Action item => Below are entries. Copy exactly the lines running from the line that holds "添加商品可分为基础信息、价格" to the line that holds "From there we", with both ends included.
** Opening Records supplied block **
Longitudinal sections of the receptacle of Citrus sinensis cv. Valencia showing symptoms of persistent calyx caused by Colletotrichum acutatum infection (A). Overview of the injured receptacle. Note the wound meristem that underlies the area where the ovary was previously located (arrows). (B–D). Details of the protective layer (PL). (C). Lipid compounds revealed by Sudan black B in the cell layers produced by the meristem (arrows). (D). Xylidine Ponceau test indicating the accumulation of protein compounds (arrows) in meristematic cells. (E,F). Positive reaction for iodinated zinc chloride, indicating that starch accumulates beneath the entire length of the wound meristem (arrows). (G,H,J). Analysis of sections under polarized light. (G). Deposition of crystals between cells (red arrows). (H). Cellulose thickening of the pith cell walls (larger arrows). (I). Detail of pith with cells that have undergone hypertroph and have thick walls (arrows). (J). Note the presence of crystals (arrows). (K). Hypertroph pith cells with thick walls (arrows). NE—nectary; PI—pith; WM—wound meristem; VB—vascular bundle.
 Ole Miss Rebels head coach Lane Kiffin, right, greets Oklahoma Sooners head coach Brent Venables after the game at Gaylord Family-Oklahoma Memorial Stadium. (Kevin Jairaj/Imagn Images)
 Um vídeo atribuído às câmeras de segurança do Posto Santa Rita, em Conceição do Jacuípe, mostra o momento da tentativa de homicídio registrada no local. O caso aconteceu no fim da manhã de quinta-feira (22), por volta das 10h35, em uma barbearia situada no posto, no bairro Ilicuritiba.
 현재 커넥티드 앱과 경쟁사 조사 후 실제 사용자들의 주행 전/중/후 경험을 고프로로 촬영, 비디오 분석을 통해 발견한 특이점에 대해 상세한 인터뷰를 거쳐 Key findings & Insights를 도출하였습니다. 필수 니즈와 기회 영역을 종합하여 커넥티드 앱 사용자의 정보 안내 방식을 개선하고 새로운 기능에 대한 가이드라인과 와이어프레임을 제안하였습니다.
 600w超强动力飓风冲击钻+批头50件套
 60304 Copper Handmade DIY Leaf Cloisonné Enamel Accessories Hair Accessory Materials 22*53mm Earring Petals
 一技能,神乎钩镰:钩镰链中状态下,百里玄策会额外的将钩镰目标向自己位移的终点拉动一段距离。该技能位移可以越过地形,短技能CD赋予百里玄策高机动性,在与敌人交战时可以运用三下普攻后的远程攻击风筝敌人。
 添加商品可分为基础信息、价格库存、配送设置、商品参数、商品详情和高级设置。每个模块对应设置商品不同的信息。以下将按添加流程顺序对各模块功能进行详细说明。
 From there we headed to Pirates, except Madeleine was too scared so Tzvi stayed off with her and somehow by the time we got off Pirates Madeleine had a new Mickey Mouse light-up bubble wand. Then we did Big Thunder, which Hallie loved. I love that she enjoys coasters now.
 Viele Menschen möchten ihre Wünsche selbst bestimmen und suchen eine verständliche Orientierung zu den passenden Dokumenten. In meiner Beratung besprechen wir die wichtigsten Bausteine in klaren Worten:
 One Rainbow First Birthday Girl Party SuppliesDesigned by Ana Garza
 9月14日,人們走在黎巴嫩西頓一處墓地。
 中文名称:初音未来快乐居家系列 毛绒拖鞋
** Closing Records supplied block **
Task output =>
 添加商品可分为基础信息、价格库存、配送设置、商品参数、商品详情和高级设置。每个模块对应设置商品不同的信息。以下将按添加流程顺序对各模块功能进行详细说明。
 From there we headed to Pirates, except Madeleine was too scared so Tzvi stayed off with her and somehow by the time we got off Pirates Madeleine had a new Mickey Mouse light-up bubble wand. Then we did Big Thunder, which Hallie loved. I love that she enjoys coasters now.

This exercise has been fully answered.